06

90.4K 7.8K 84
                                        

"Pulang. Papa pengen bicara sama Mama,"

•••

Siang ini, keadaan kediaman milik seorang pilot ternama di Indonesia sedang jauh dari kata hangat. Hanya ada sorot tajam dari kedua paruh baya, sedangkan seorang gadis hanya menunduk diam sambil menggenggam tangan sang Papa.

"Papa udah nggak tau harus ngomong apa sama Mama. Ini udah kelewatan,"

"Kelewatan apa sih, Pah!"

"Kina anak saya. Sah secara agama,"

"Pah! Dari awal Mama nggak setuju, kan? Jangan salahin Mama dong!" teriak Dea sambil melipat tangannya di depan dada.
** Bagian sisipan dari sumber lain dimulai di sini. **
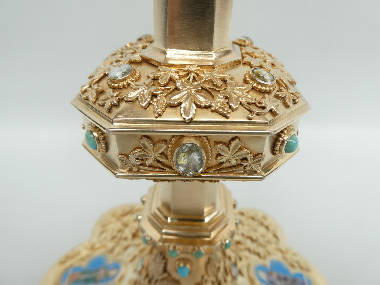 2de reeks foto's van de prachtige neogotieke zilveren kelk met overvloedige émail versiering
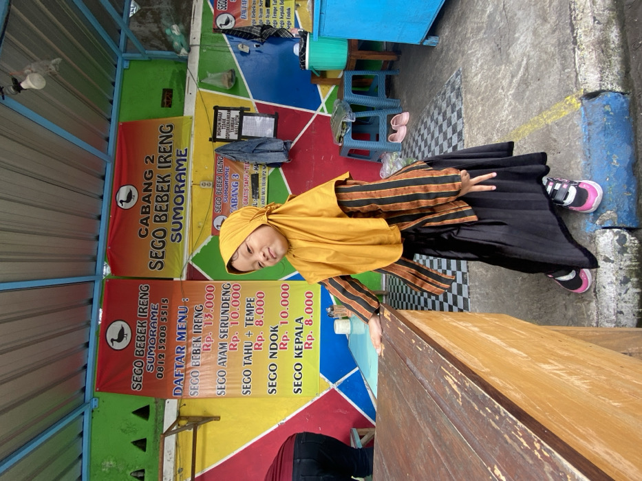 A child in traditional attire stands next to a wooden surface in front of a restaurant. The restaurant, "Sego Bebek Ireng Sumorame," features colorful signage listing various menu items like "Sego Bebek Ireng," "Sego Ayam Serundeng," and "Sego Tahu + Tempe," along with their respective prices. The restaurant's other branches, "Cabang 2" and "Abang 3," are also advertised. Blue and green plastic furniture and baby shoes sit in the background.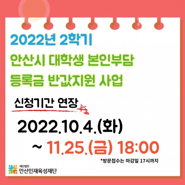 이세영 교육청소년과장은 "더 많은 안산 거주 대학생들이 교육비 경감 혜택을 누릴 수 있도록 신청기간을 연장했다"며 “아직 신청하지 않은 학생들의 경우 연장된 신청기간 내 꼭 접수해달라”고 말했다.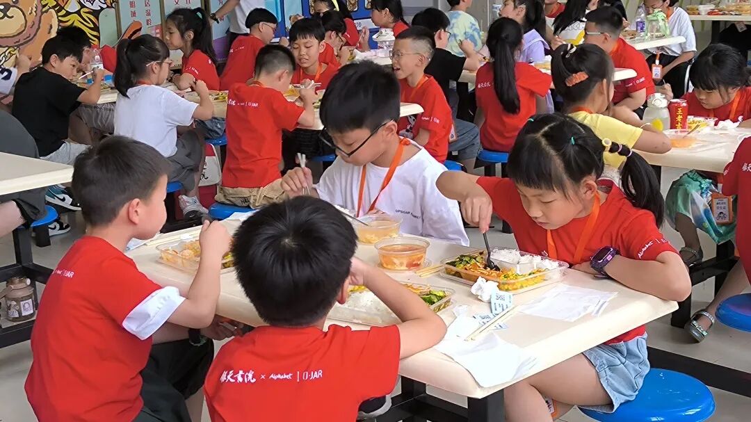 城西街道总工会为小朋友们送上了统一定制的班服T恤、书包、运动鞋,打造满满集体归属感。工会工作人员每天都会从绿茶餐厅统一采购“爱心午餐”,免费提供给志愿者和小朋友们。此外,还给大家购买了意外伤害责任保险,筑牢饮食、出行安全屏障。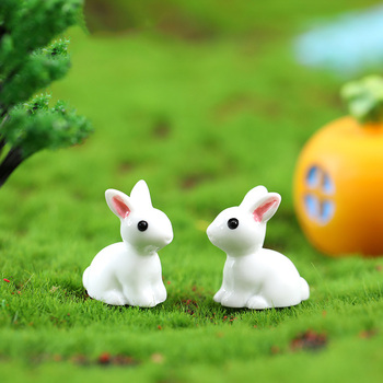 Figuras de conejito de resina en miniatura, pequeños animales de conejo, adornos de paisaje de musgo de jardín de hadas para relleno de Pascua, pastel, decoración del hogar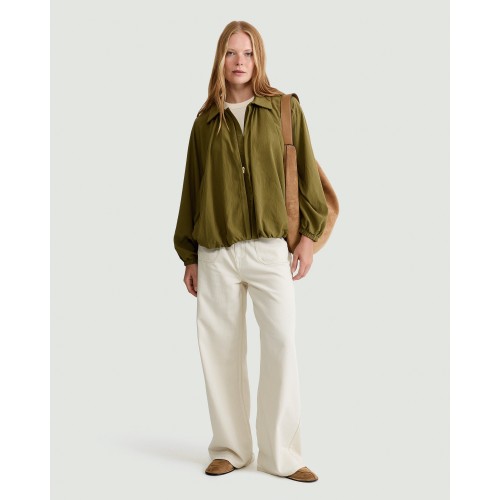Textured Tie Neck Balloon Sleeve Blouse in Cream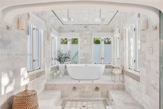 This iconic Mykonos-inspired masterpiece, celebrated in prestigious design magazines, redefines luxurious island living. Situated on exclusive guard-gated Hibiscus island, the property features 7 bedrooms and 7.5 bathrooms, with detached guest suites offering ultimate privacy. Unique features include steps that descend to the ocean, over-the-water dock house, a watch tower and multiple rooftop terraces with panoramic views. Enjoy the two-level pool with built-in lounge beds and 150 feet of pristine water frontage with south-facing sunset views. The 24/7 guard-gated neighborhood features a playground, basketball & tennis courts. Available May 1, 2026. 6 months + 1 day minimum rental.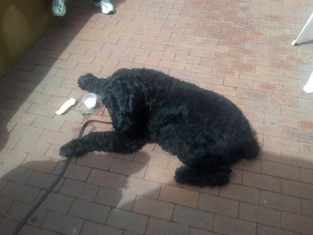 Anna, la perra del equipo se queja cuando no la alimentan, y con sus más de 50 kilos, no queremos irritarla. Así que primero pasamos por Petsmart para asegurar que su despensa esté llena. En este viaje ella ha estado cojeando, asi que visitamos a su veterinario. Aunque ella es un animal de servicio, tiene mucha paciencia pero que le corten las uñas es traumático para todos los involucrados, siempre deja el establecimiento con una rabieta.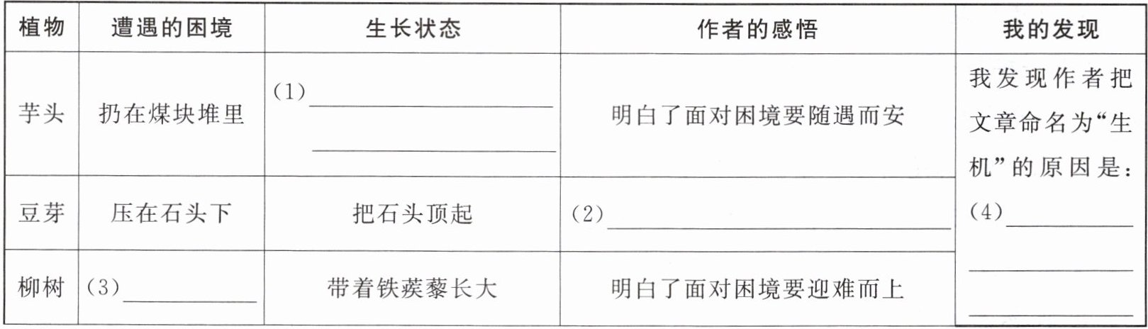 4. 小广在做阅读笔记时,遇到了一些困难,请你协助他完成。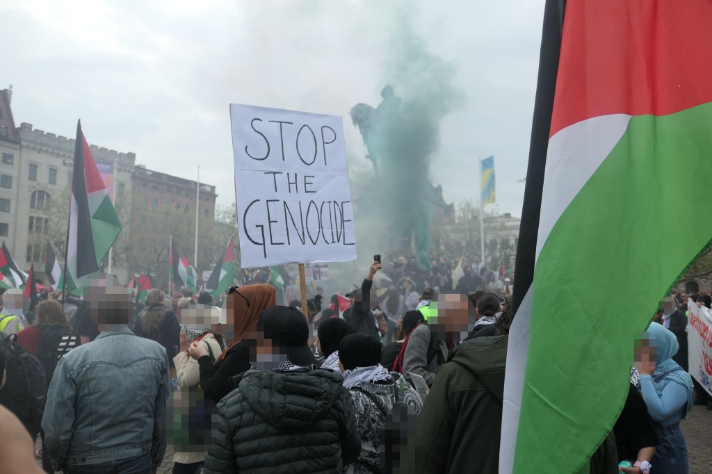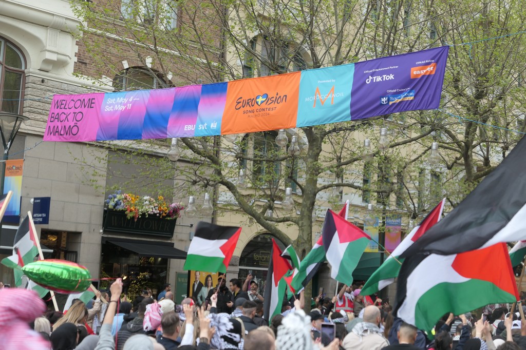 I anden semifinale i Eurovision i Malmø, hvor Israel bl.a. skulle optræde, blev en kæmpestor og kraftfuld demonstration afholdt. Demonstrationen gik fra Stortorget i Malmø Centrum, rundt i byens gader og sluttede af på Mölleplatsen ved Malmøhus Slot.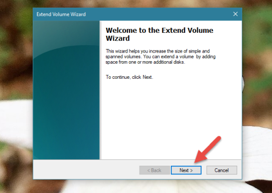 Если вы хотите увеличить размер раздела, а рядом с ним есть свободное место, после того как вы нажмете опцию «Расширить том», «Управление дисками» откроет «Мастер расширения тома». В нем нажмите или нажмите Далее.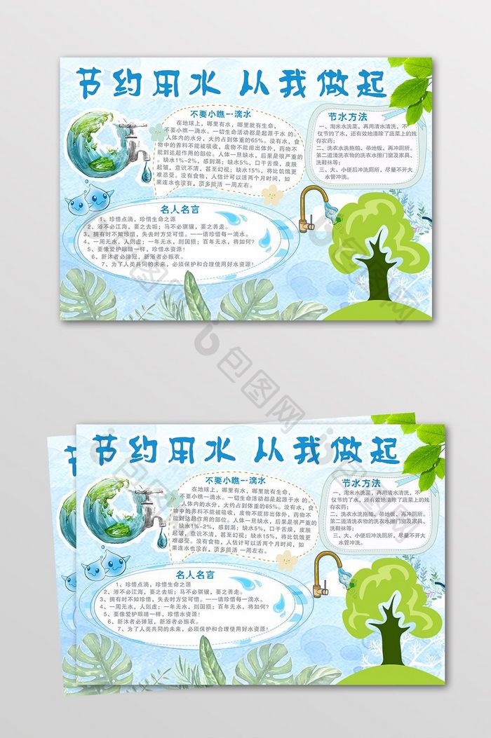 蓝色清新卡通节约用水电子小报】图片下载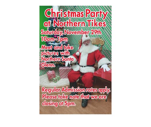 Join us on Saturday, November 29th for our Northern Tikes Christmas Party! We will be celebrating the season with music, decorations and of course Santa! The Big Man will be mingling with the kids, reading them a customary Christmas Story and will meet with each child for a chat and a photo opportunity. Regular admission rates apply. Please take note we are CLOSING at 5pm on this day. Sorry for any inconvenience.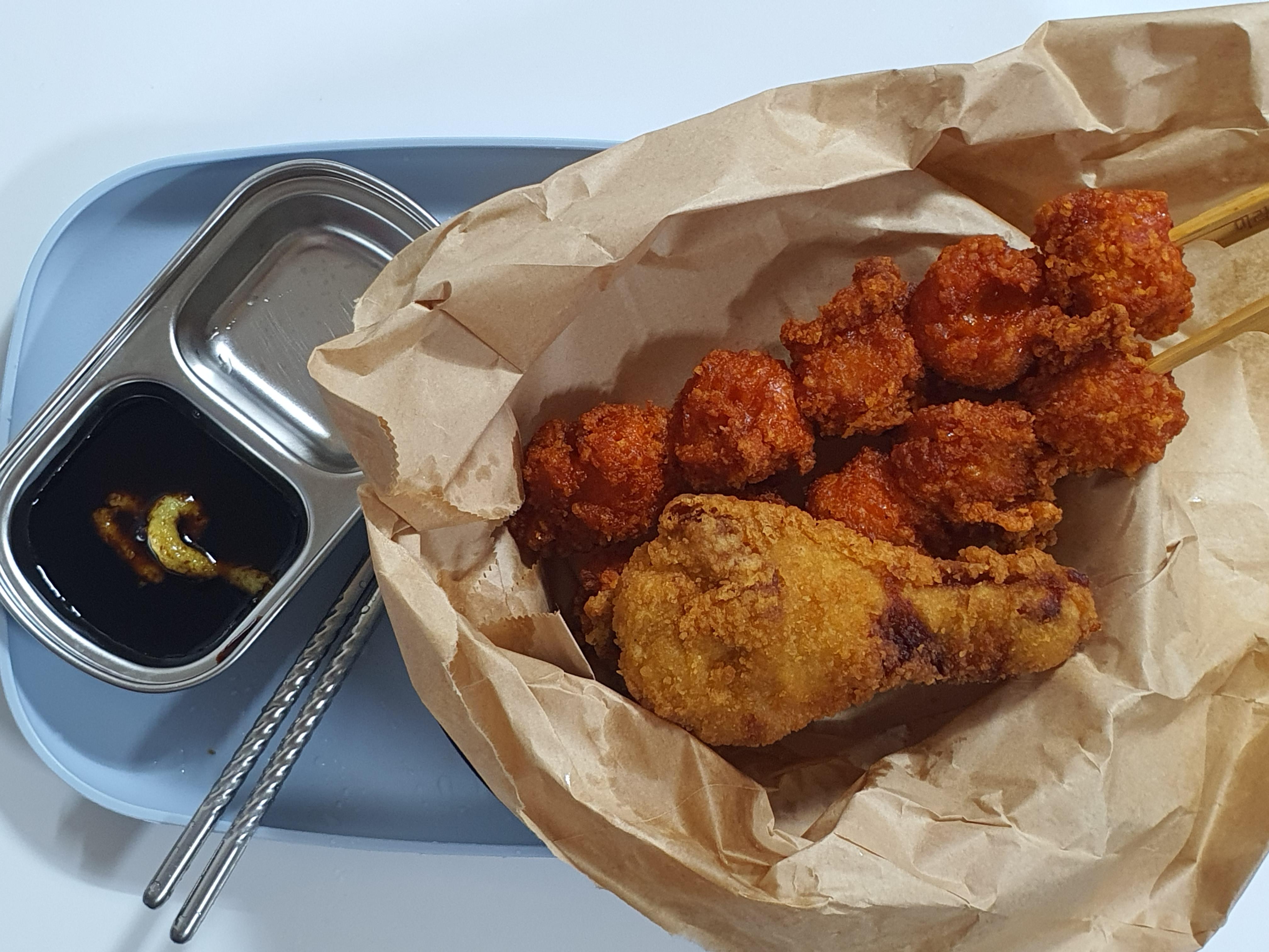 그래서 편의점에서 닭다리, 치킨팝콘꼬치(튀김닭꼬치) 사 왔어요.

"Udah seharusnya dia ngerasain itu, pertama! Dia bukan anak kandung kita, nggak ada hubungan darah, kedua! Dia itu hidup nyusahin, ngeluarin biaya besar. Untung-untung Mama kasi makan, dan kasi tempat tinggal,"

"Mah?!" bentak Yeneng sambil berdiri dari duduknya. Mendengar nada bentakan dari sang suami membuat Dea ikut geram.

"Papa ngebentak Mama cuman karena Alkina?!"

"Alkina anak kita, Mah,"

"Saya nggak punya anak! Dari awal saya udah bilang kayak gini?!" teriak Dea keras sebelum melangkah pergi meninggalkan Alkina yang terisak pelan.

Yeneng hanya menatap kepergian sang istri dengan keadaan menahan emosi. Ia memutar tubuhnya lalu duduk di depan anak gadisnya itu.

"Anak Papa yang cantik nggak boleh nangis. Papa minta maaf ya, sayang? Papa salah, Papa bodoh, Papa nggak tau apa yang terjadi sama anak Papa," Alkina menggeleng, dan berusaha tersenyum.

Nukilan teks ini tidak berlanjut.